Overall, be careful with syndromes when you’re traveling.

PS. This image was made for me by google. In the second image, a guy in a tie tells a tearful girl 脆培, which seems just a meaningless set of characters, something like fragile culture. But when I asked ChatGPT, it told me it resembles 脱げ (nugu) — undress 🙂 if you ask Google Gemini to redo it, Google gives the same picture, where he’s also shouting 暁は, but at the same time, he has already taken off his shirt. But that’s also unclear what 暁 – it’s dawn. Generally, with Japanese, LLM is bad. I’ll leave the second image in the comments. By the way, there are several differences there, you can play a game to find ten differences. They are amusing

Introducing the AI-Powered Text-to-Diagram Generator | September 30 2025, 20:57

While working on a book, I realized what kind of product I’m missing. It’s an AI diagram generator based on textual descriptions.

The idea is that the master document for the diagram is text. This textual description can be (and should be) quite detailed, so the generated diagram exactly matches the author’s vision. The diagram itself is not edited. That is, it can be edited – moving circles around, but ideally, after making changes, the system should update the text, generating from which will result in what the user adjusted.

The result — the diagram — should correspond as closely as possible to the description. If it does not match the description because, for example, it’s impossible to make a triangle with three obtuse angles, the system should do its best and provide a verbal response about what didn’t work. The user can then modify the task so that the system complies and produces the diagram correctly.

But then we understand that the author might have randomly achieved something that they liked with their flawed text.
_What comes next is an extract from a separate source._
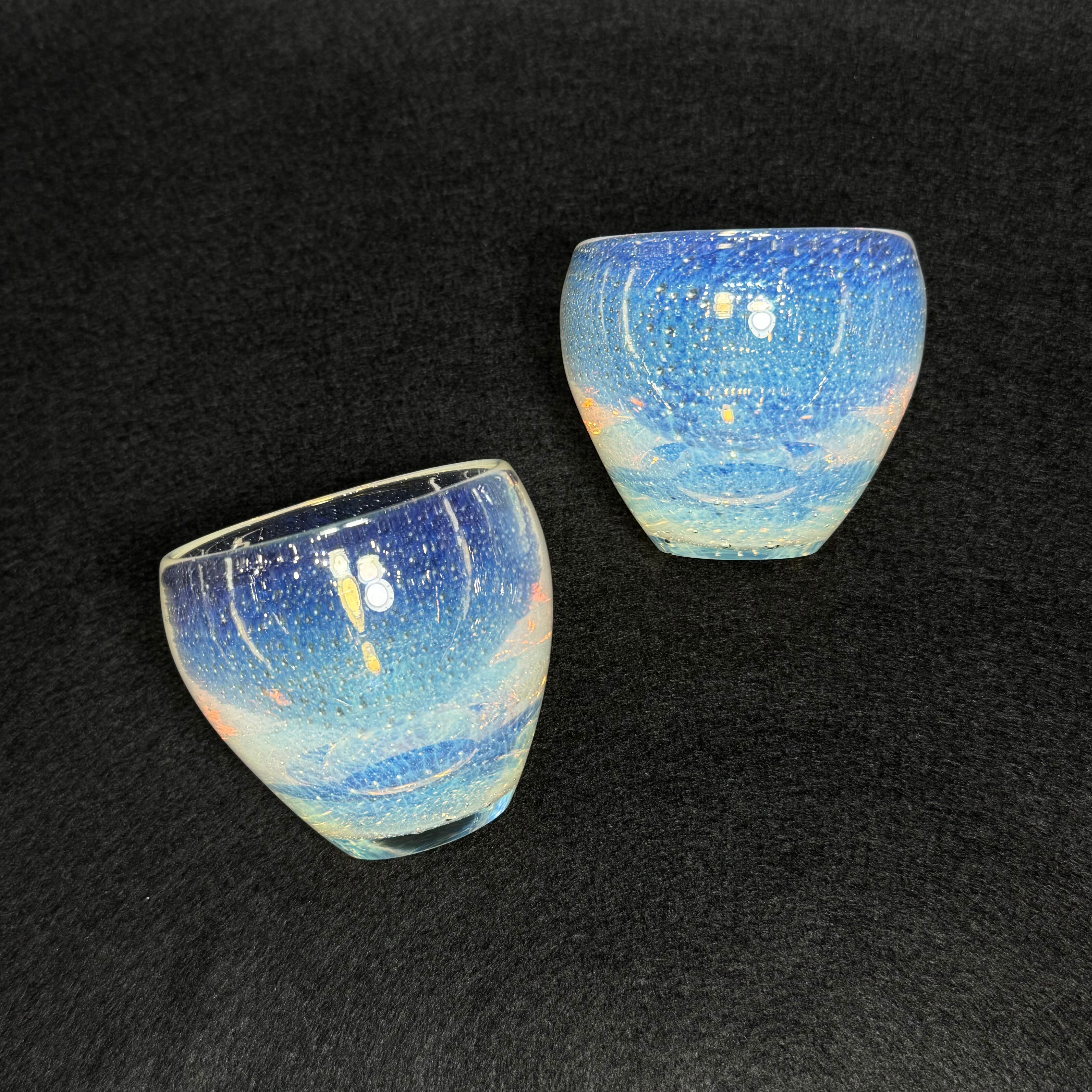お使いいただくシーン、背景の色、光の加減、注ぐお飲み物によって、青く見えたり、キラキラして見えたりと、様々な雰囲気の変化をお楽しみいただけます。

And if regenerated, it might turn out differently, and not necessarily better. Therefore —

You could ask the system to generate a diagram description from the diagram, which, if inputted back into the diagram generator, would result exactly in what the description was generated from. Yes, this description would be more verbose and complex, but it would more reliably describe the result.

So, from this point, you are no longer working with the diagram. You are working with text. If a diagram is needed — you simply compile the text into a diagram and it turns out as needed. But you don’t even work directly with the text. You work with this diagram-description text through an LLM, asking it to add some block, and the text changes, but changes in a way that everything doesn’t suddenly shift.

The final diagram should be in an object form, from which raster (PNG) or vector (SVG, EPS) images can be created.

It would also be great if such a system could take existing diagrams or diagram templates so that it could borrow styles and existing conventions on how to display what.

So, these are my fantasies. If anyone has ideas on how to implement this — let’s discuss 🙂

Crafting the Future of Recommender Systems: A Deep Dive into Algorithms and Implementation | September 26 2025, 21:17

I decided a while ago to write a book on recommendation algorithms. With mathematics, code examples, a repository, etc. English, of course.

Accordingly, I am looking for volunteer reviewers who are knowledgeable in the field. Also those who have experience with print-on-demand on Amazon.

There’s already about 200 pages of content. About three months of work left. Working title Recommender Algorithms in 2026: A Practitioner’s Guide. Roughly half of it is still in draft form, with the first 80 pages about 80% complete.

I’ve built a mechanism to publish in HTML and PDF simultaneously. The HTML version is fully functional, with navigation. The navigation block reflects the current section, and as you scroll, it shifts to the one in front of the reader. Clicking on a section, of course, teleports you to what you clicked on. It’s all completely automatic.